One of the most amazing things about learning the art of Cinematography, is that you can easily access the works of the masters by simply watching their films.  That's why we have compiled a list of some of our favorites movies.  We suggest that you watch these films in a different way.

 

1.  Watch these films with sound, and then watch them again silently.  Watching a film without sound forces you to pay close attention to the visual details.

 

2.  Watch the scenes that are most powerful to you over and over again.  What makes them so impactful?

 

While watching scenes without sound over and over again, start asking yourself the following questions:

 

1.  What is the shot sequence of the scene?  Did they start with an establishing shot or something unexpected?  How do the following shots connect together?  Which shot was the most powerful and why?

 

2.  How is the scene lit?  Are the light sources motivated by natural light?  Where do you imagine the lights are placed off camera?  Are the lighting sources soft or hard?  What is purposely being lit in he scene and what areas are being left in shadow?

 

3.  How does the overall look of the scene compliment what is going on in the story?

 

4.  How important are reaction shots of the actors in the scene?

 

5.  What kind of cutaway shots that are not of the actors used in the scene?  Why were those extra shots added to the sequence?

 

6.  Is the camera moving?  What emotional impact do the moves create?  How could you replicate these camera moves in your own films?
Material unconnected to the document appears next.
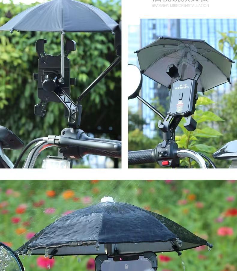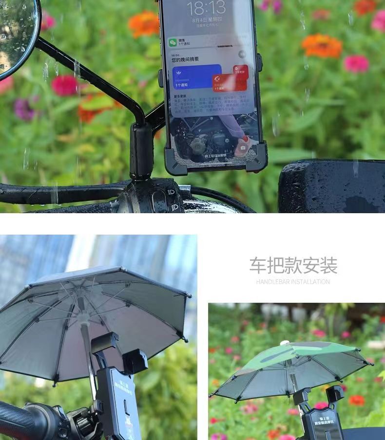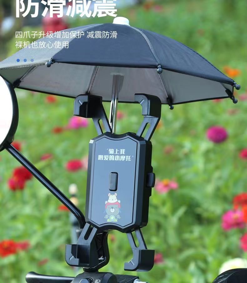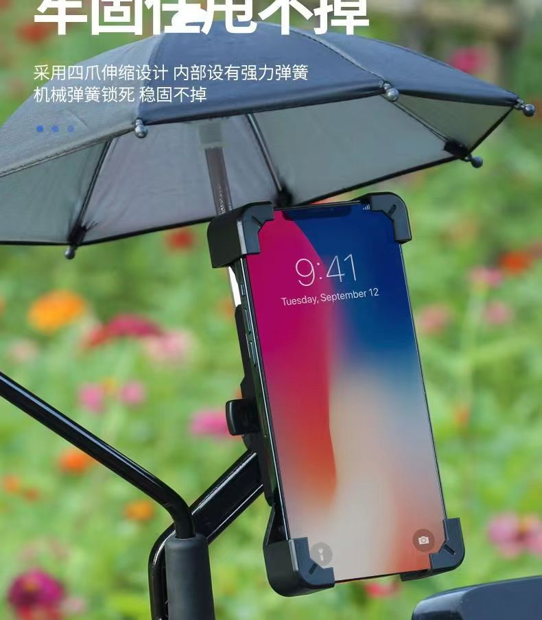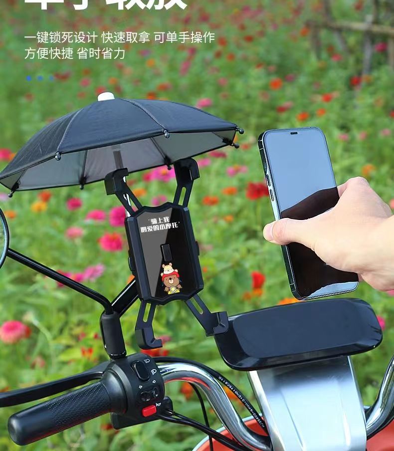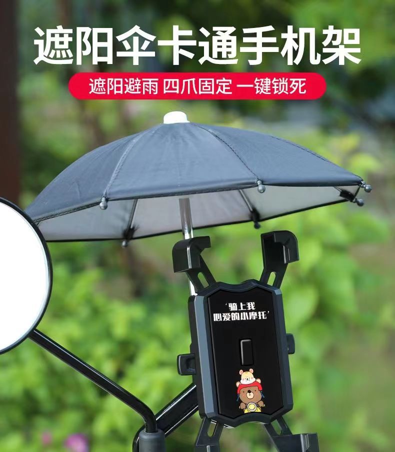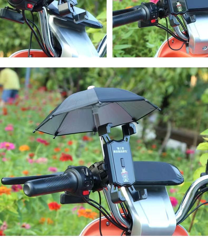 Soporte de teléfono móvil de coche de batería eléctrica con paraguas lindo soporte de navegación a prueba de golpes para llevar soporte de teléfono móvil de bicicleta

A Different Way for Filmmakers to Watch Films

"I can’t think how anyone can become a director without learning the craft of Cinematography."

 

- Gus Van Sant

Some of our Favorite Films for Cinematographers

The Fall - Colin Watkinson

 

Pan's Labyrinth - Guillermo Navarro

 

The Shawshank Redemption - Roger Deakins

 

Amelie - Bruno Delbonell

 

Seven - Darius Khondjii

 

Dark City - Dariusz Wolski

 

Life of Pi - Claudio Miranda

 

The Tree of Life - Emmanuell Lubezki

 

Schindler's List - Janusz kaminski

 

GoodFellas - Michael Ballhaus

 

Road to Perdition - Conrad L. Hall

 

Hugo - Robert Richardson

 

2001: A Space Odyssey - Geoffrey Unsworth

 

Apocalypse Now - Vittorio Storaro

 

Star Wars:  The Empire Strikes Back - Peter Suschitzky

 

The Matrix - Bill Pope

 

Citizen Kane - Gregg Toland

 

Fear and Loathing in Las Vegas - Nicola Pecorini

 

The Dark Knight - Wally Pfitser

 

The Machinist - Xavi Giménez

A Different Way for Filmmakers to Listen to Films

Strong visuals play a huge roll in the emotional impact of a film, but powerful imagery is only half of the equation.  Sound in a film is as equally important.  We suggest listening to movies in a different way to focus on how sound is used to enhance a film.  Below, we have compiled a list of some of our favorite films that effectively use sound to tell a compelling story (many of these films have won the Academy Award for Best Sound Editing or Mixing).

INCEPTION

 

GRAVITY

 

MAD MAX

 

THE HURT LOCKER

 

THE LORD OF THE RINGS : THE TWO TOWERS

 

THE GIRL WITH THE DRAGON TATTOO

 

GLADIATOR

 

SAVING PRIVATE RYAN

 

TITANIC

 

APOLLO 13

 

SKYFALL

 

THE BOURNE ULTIMATUM

 

U-571

 

TERMINATOR 2: JUDGMENT DAY

 

ALIENS

 

JURASSIC PARK

 

BIRDMAN

 

AMERICAN SNIPER

 

INTERSTELLAR

 

ZERO DARK THIRTY

Watch these films like you normally would and then listen to them again with your eyes closed.  We suggest listening with high quality headphones or in a room with surround sound speakers.  Chances are, you will notice things in the audio that you did not notice before.

 

Listen to the scenes that are most powerful to you over and over again and ask yourself the following questions:

 

1.  What sound in the scene was captured on location (dialogue)?

 

2.  What sound effects were added to the scene (explosions)?

 

3.  How was music used to enhance the scene?

 

4.  Was silence used in the scene?

 

5.  Was Foley, the reproduction of everyday sound effects, used in the scene (footsteps, squeaky doors,  etc.).

 

6.  How is the sound mixed (the balance of the above sound elements)?  Which audio elements were at a normal level, which ones were low in the mix and which ones were very loud?

 

7.  Finally, how did all of these audio elements aid the story and emotional impact of the scene and how can you use sound in a similar way to enhance your film?